In that case, the court held that the notice to quit was equivocal because, on the one hand, it demanded possession of the premises for nonpayment of rent, and, on the other hand, it invited the tenant to remain in possession at an increased monthly amount. Nothing similar occurred here. There is nothing improper about seeking possession of the premises on one ground and seeking to void the tenancy on another, as long as those grounds are articulated and notice of them is given to the tenant. Furthermore, even if we were to assume that the two notices at issue created an ambiguity as to the date Newcomb was required to vacate the premises, it is clear that no ambiguity existed by the time of trial. We note that Newcomb was still in possession of the premises when she appeared in court via videoconference for trial on December 15, 2020. She did not express any confusion regarding the notices and defended herself against both the summary process action and the G. L. c. 139, § 19 complaint. Accordingly, we discern no sound factual basis for the judges decision that the two notices created an ambiguity and no sound legal basis for the judges conclusion that the plaintiff waived its right to proceed in the summary process action because it subsequently filed a complaint under G. L. c. 139, § 19. Moreover, we fail to see how the plaintiff could, as the judge stated, “choose one position and stick with it” when the alleged criminal activity on which the G. L. c. 139, § 19 complaint was based occurred months after the summary process action was filed. Clearly, the plaintiff had an obligation to act and not ignore the risk that Newcombs conduct posed to the safety and well-being of the other tenants. For these reasons, the judgment entered in favor of Newcomb in the summary process action is reversed, and, in its place, an order of judgment in favor of the plaintiff shall enter.

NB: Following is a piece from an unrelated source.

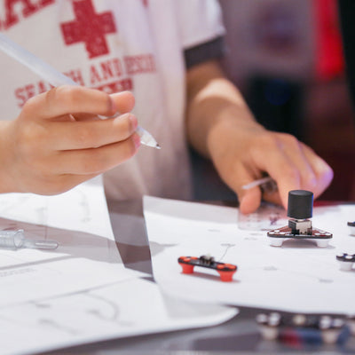 La fonction de base du Circuit Scribe est aussi simple que géniale. Le roller, qui ressemble à un stylo à bille normal, contient de l'encre conductrice à base d'argent (l'argent est l'élément ayant la plus grande conductivité électrique). Tu peux ainsi dessiner des circuits fonctionnels sur n'importe quelle feuille de papier ordinaire. Cela donne un coup de vieux aux câbles tordus et pliés et aux fiches bananes des cours de physique. D'ailleurs, le Circuit Scribe a été développé en mettant l'accent sur l'enseignement et est recommandé à partir de 13 ans.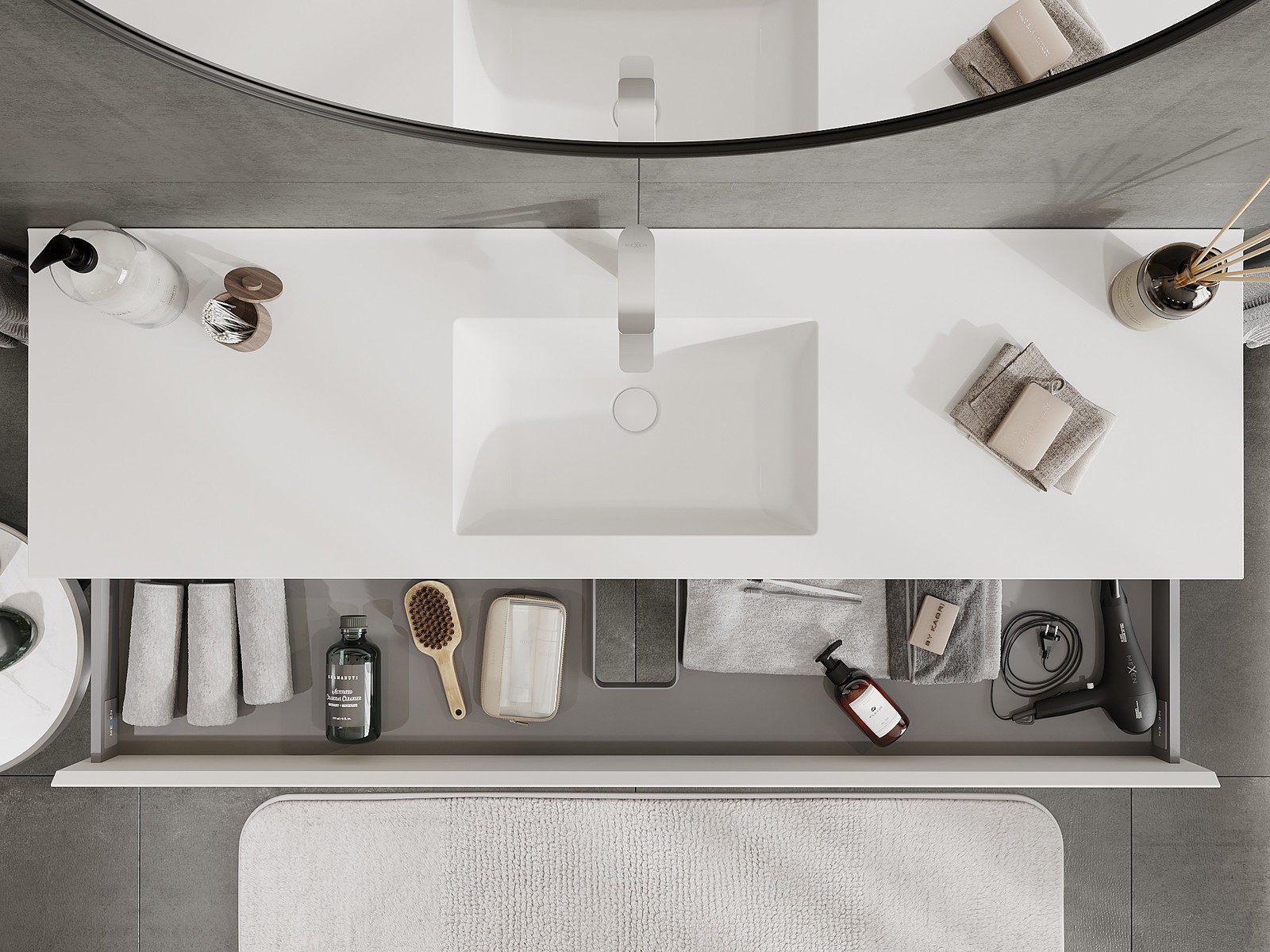 El cuerpo del gabinete se entrega completamente ensamblado, lo que significa máxima comodidad y ahorro de tiempo. No tienes que pasar horas ensamblando el mueble, solo necesitas instalarlo en el lugar elegido en el baño. Es la solución ideal para personas que valoran un montaje rápido y un efecto inmediato.

Next, the plaintiff argues that the judge erroneously concluded that Newcomb did not commit arson and, as a result, its G. L. c. 139, § 19 complaint should not have been dismissed. While we might not have reached the same conclusion as the judge, it appears that his decision was based on his assessment of Lundys and Newcombs credibility, both of whom gave conflicting accounts of the events in question. Because we cannot disturb a trial judges assessment of a witnesss credibility, see Buster v. George W. Moore, Inc., 438 Mass. 635, 644 (2003), we affirm the judgment dismissing the plaintiffs G. L. c. 139, § 19 complaint.

So ordered.

Affirmed

FOOTNOTES

2

.   It is not clear from the record whether the complaint was filed on March 16, 2020, as the judge states in his Findings of Fact, Rulings of Law and Order of Judgment, or on March 23, 2020, as indicated by the docket. Nothing turns on this discrepancy.

3

.   General Laws c. 139, § 19, in relevant part, provides that “if a tenant ․ [of] federal or state assisted housing commits an act or acts which would constitute a crime involving the use or threatened use of force or violence against the person of an employee ․ of state or federally assisted housing or against any person while such person is legally present on the premises ․ of federal or state assisted housing, such use or conduct shall, at the election of the lessor or owner, annul and make void the lease or other title under which such tenant or occupant holds possession and, without any act of the lessor or owner shall cause the right of possession to revert and vest in him, and the lessor or owner may seek an order requiring the tenant to vacate the premises or may avail himself of the remedy provided in chapter two hundred and thirty-nine.”

4

.   The two actions were tried “simultaneously,” but were not consolidated, and separate judgments were entered in each action.

5

.   The judge also relied on three decisions issued by two Housing Court judges and one District Court judge in the cases of English vs. Munroe, Boston Hous. Ct., No. 43972 (July 10, 1987); Thomas vs. Pelletier, Hampden Hous. Ct., No. SP2006-S87 (May 23, 1987); and Nichiniello vs. Akerly, Somerville Dist. Ct., No. CV-910 (Oct. 30, 1990). None of these decisions are binding on this court, and, in any event, all three are distinguishable.